Cite as: https://hdl.handle.net/21.11116/0000-000D-09C1-F
Abstract
Background and hypothesis: Schizophrenia is a polygenetic mental disorder with heterogeneous positive and negative symptom constellations, and is associated with abnormal cortical connectivity. The thalamus has a coordinative role in cortical function and is key to the development of the cerebral cortex. Conversely, altered functional organization of the thalamus might relate to overarching cortical disruptions in schizophrenia, anchored in development.

Study design: Here, we contrasted resting-state fMRI in 86 antipsychotic-naive first-episode early-onset schizophrenia (EOS) patients and 91 typically developing controls to study whether macroscale thalamic organization is altered in EOS. Employing dimensional reduction techniques on thalamocortical functional connectome (FC), we derived lateral-medial and anterior-posterior thalamic functional axes.
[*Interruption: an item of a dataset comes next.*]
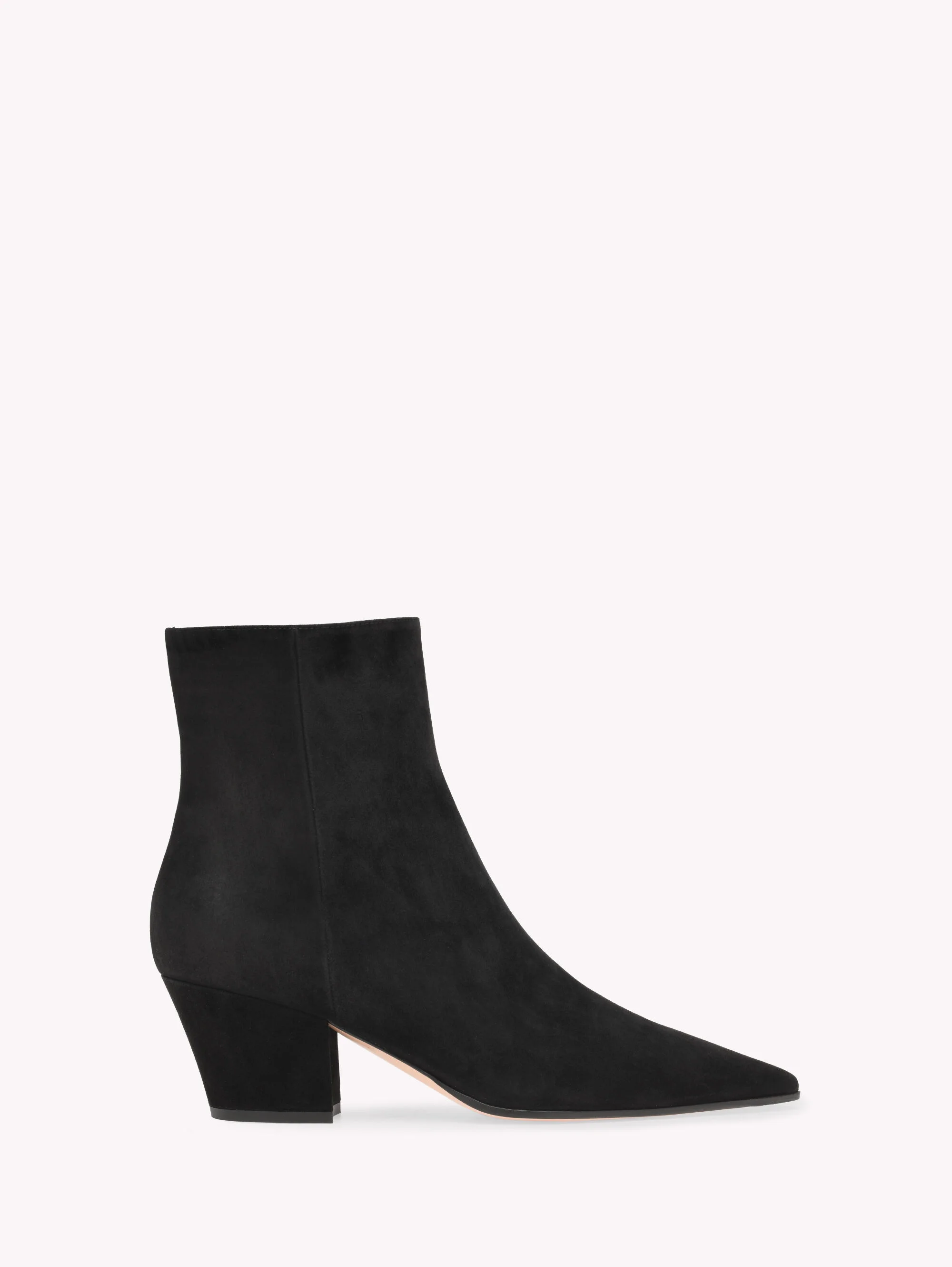 Crafted from supple suede, Keinna Bootie 55 is a fitted style with a pointed toe and a chunky Western 55mm heel. The inner tonal nylon zipper is completed with a metallic puller engraved with the logo of the Maison. Handmade in Italy. - Composition: 100% SUEDE - Heel height: 2.2 inches / 55 mm - Model Code: G72937.55RIC Item ID: G72937.55RIC.CASNERO

Study results: We observed increased segregation of macroscale thalamic functional organization in EOS patients, which was related to altered thalamocortical interactions both in unimodal and transmodal networks. Using an ex vivo approximation of core-matrix cell distribution, we found that core cells particularly underlie the macroscale abnormalities in EOS patients. Moreover, the disruptions were associated with schizophrenia-related gene expression maps. Behavioral and disorder decoding analyses indicated that the macroscale hierarchy disturbances might perturb both perceptual and abstract cognitive functions and contribute to negative syndromes in patients.

Conclusions: These findings provide mechanistic evidence for disrupted thalamocortical system in schizophrenia, suggesting a unitary pathophysiological framework.